== Segment start ==

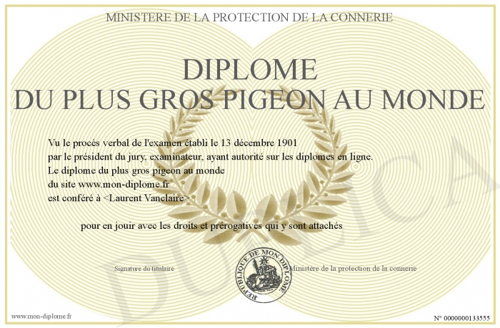 Envoyez par email votre diplome du plus gros pigeon au monde personalisé
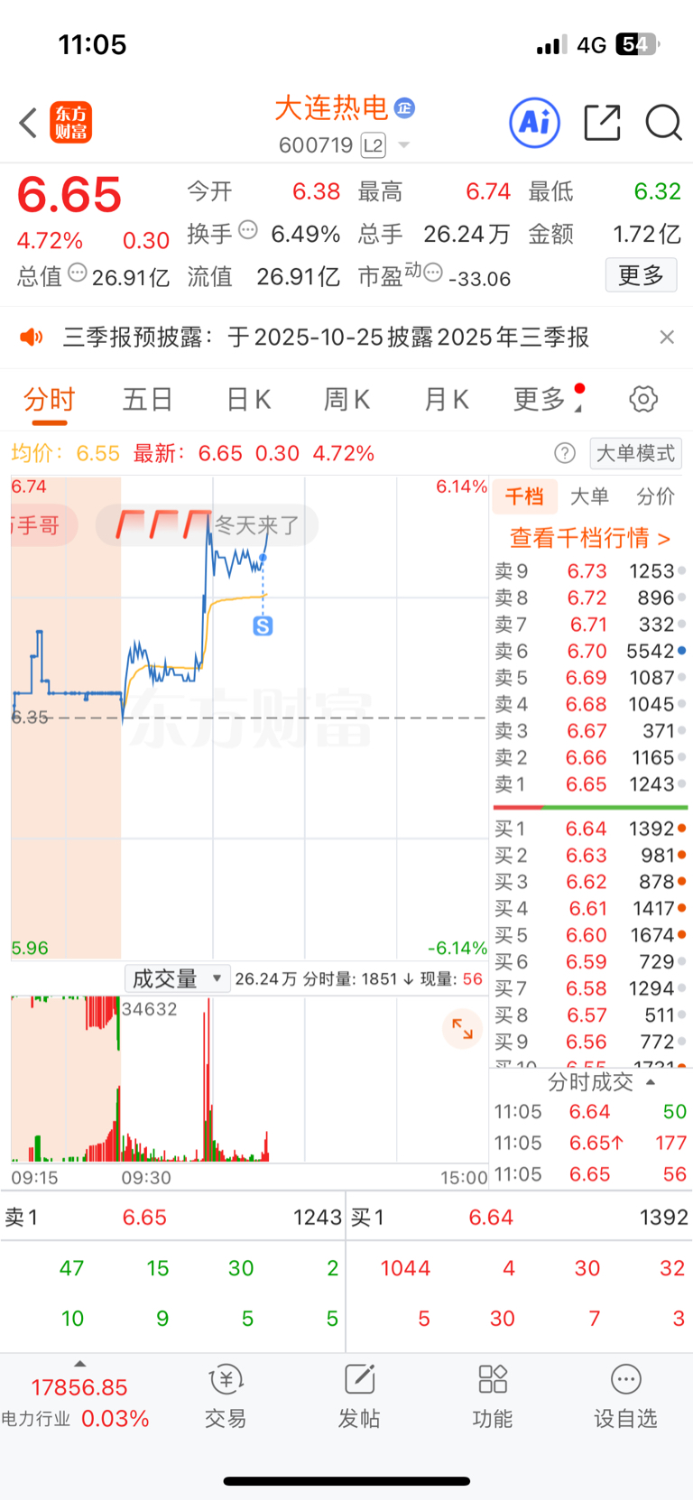 $大连热电(SH600719)$ 感谢我吧,我不出,主力不会拉的
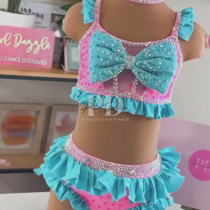 Featuring a vibrant pink and turquoise color palette, this set includes a structured crop top with a statement oversized bow centerpiece, fully embellished with premium rhinestones for maximum stage sparkle. The top is accented with delicate mesh detailing and crystal trim for a polished, high-end finish.
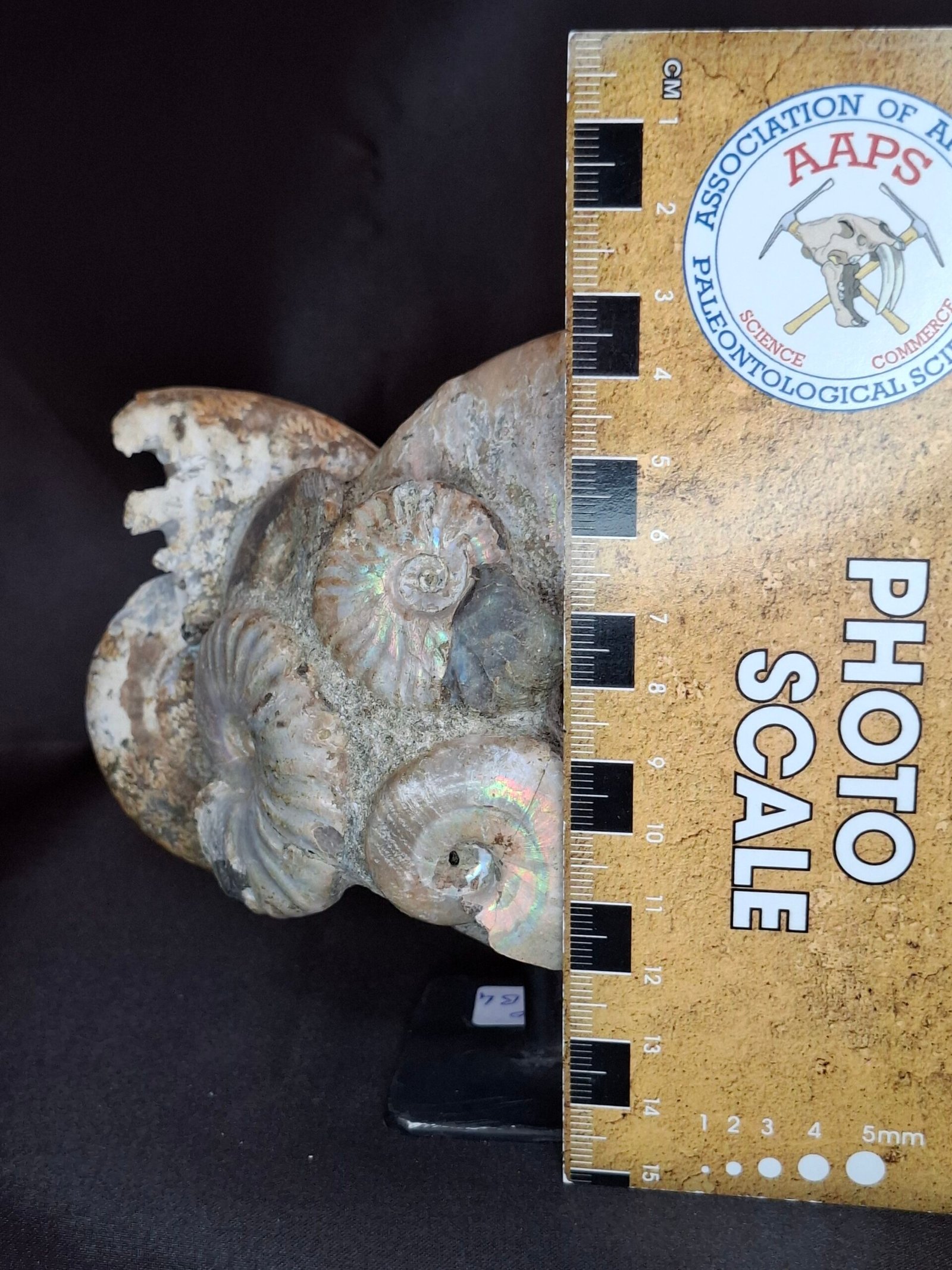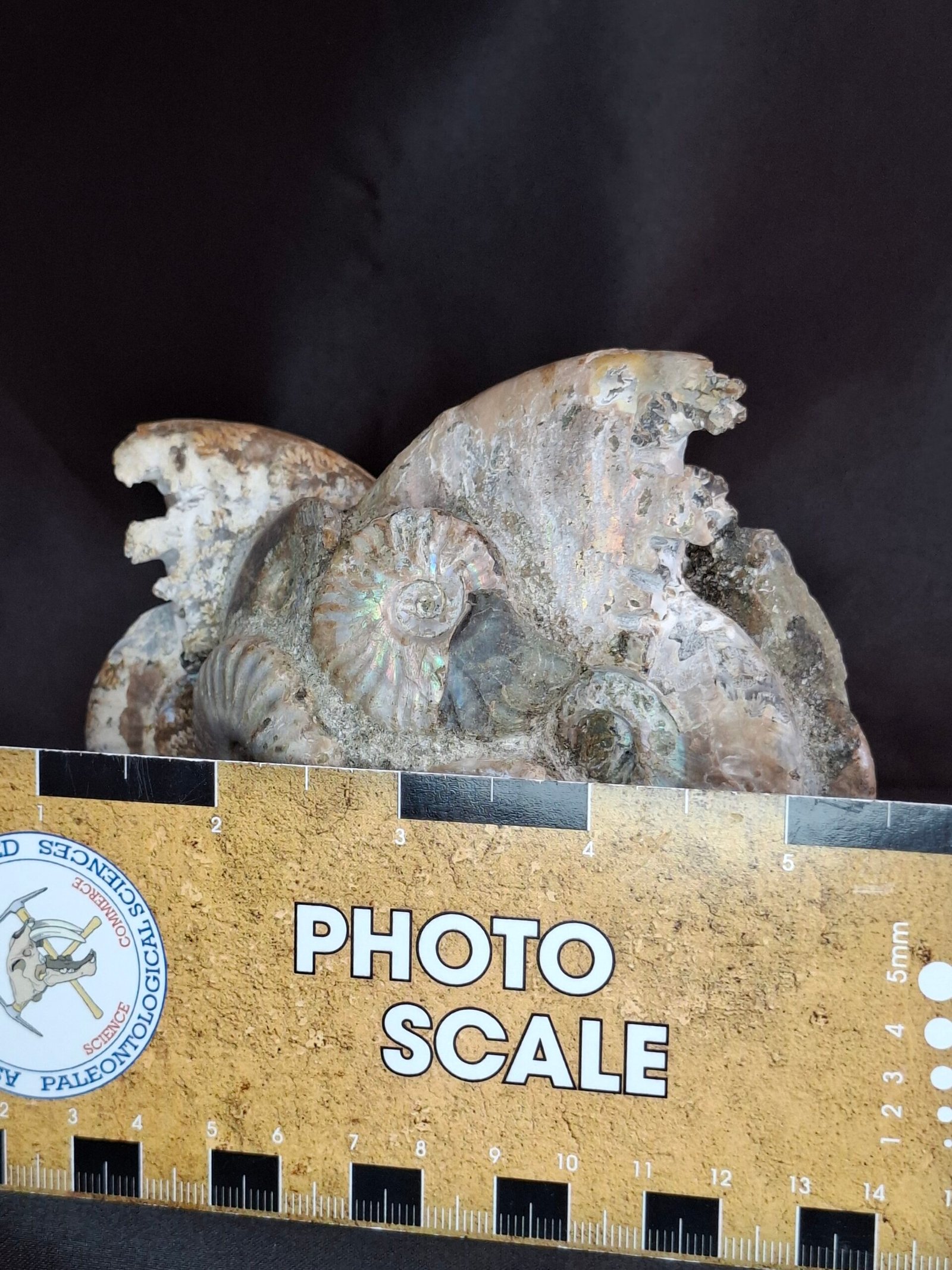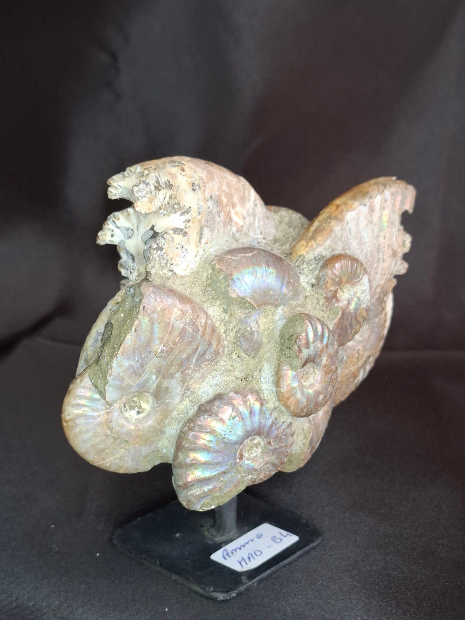 Sourced from the ancient marine beds of Madagascar, this piece stands out by offering a rare glimpse into the fossil’s internal structure. Unlike many external-facing fossils, this specimen has been expertly split to reveal a breathtaking world within. The internal chambers are filled with a stunning, gem-like iridescence, shimmering with deep reds, greens, and golds. This captivating effect is caused by a thin layer of nacre (mother of pearl) that was preserved and mineralized into aragonite over millions of years, creating the “ammolite” phenomenon.
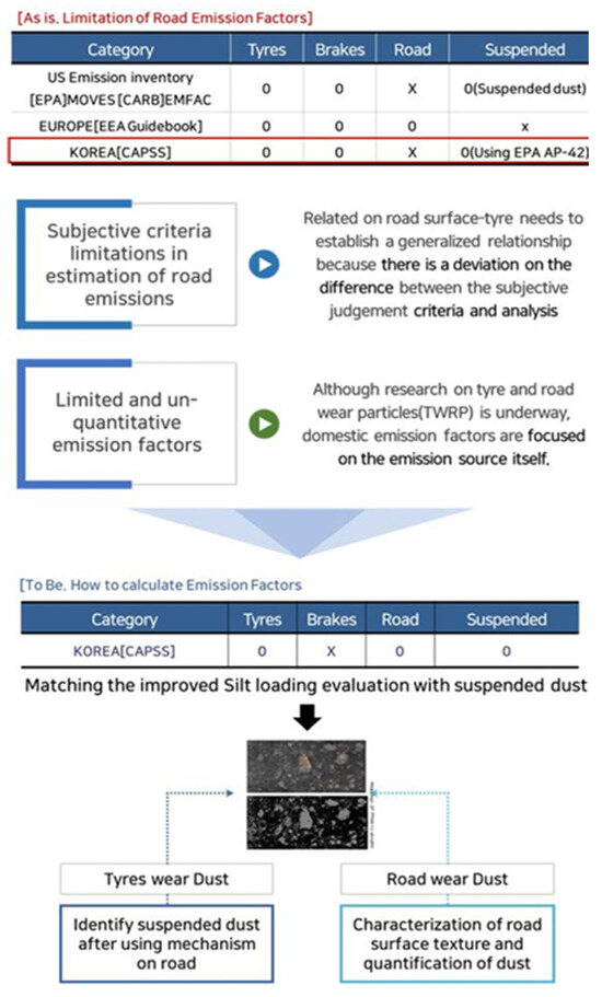 - Yoo, H.; Cho, J.; Hong, S.; Kim, I. Characteristics of suspended road dust according to vehicle driving patterns in an urban area and PM10 content in silt. Atmosphere 2024, 15, 5. [Google Scholar] [CrossRef]

== Segment end ==

Leaving all pictures aside, quote each record exactly.

 Envoyez par email votre diplome du plus gros pigeon au monde personalisé
 $大连热电(SH600719)$ 感谢我吧,我不出,主力不会拉的
 Featuring a vibrant pink and turquoise color palette, this set includes a structured crop top with a statement oversized bow centerpiece, fully embellished with premium rhinestones for maximum stage sparkle. The top is accented with delicate mesh detailing and crystal trim for a polished, high-end finish.
 Sourced from the ancient marine beds of Madagascar, this piece stands out by offering a rare glimpse into the fossil’s internal structure. Unlike many external-facing fossils, this specimen has been expertly split to reveal a breathtaking world within. The internal chambers are filled with a stunning, gem-like iridescence, shimmering with deep reds, greens, and golds. This captivating effect is caused by a thin layer of nacre (mother of pearl) that was preserved and mineralized into aragonite over millions of years, creating the “ammolite” phenomenon.
 - Yoo, H.; Cho, J.; Hong, S.; Kim, I. Characteristics of suspended road dust according to vehicle driving patterns in an urban area and PM10 content in silt. Atmosphere 2024, 15, 5. [Google Scholar] [CrossRef]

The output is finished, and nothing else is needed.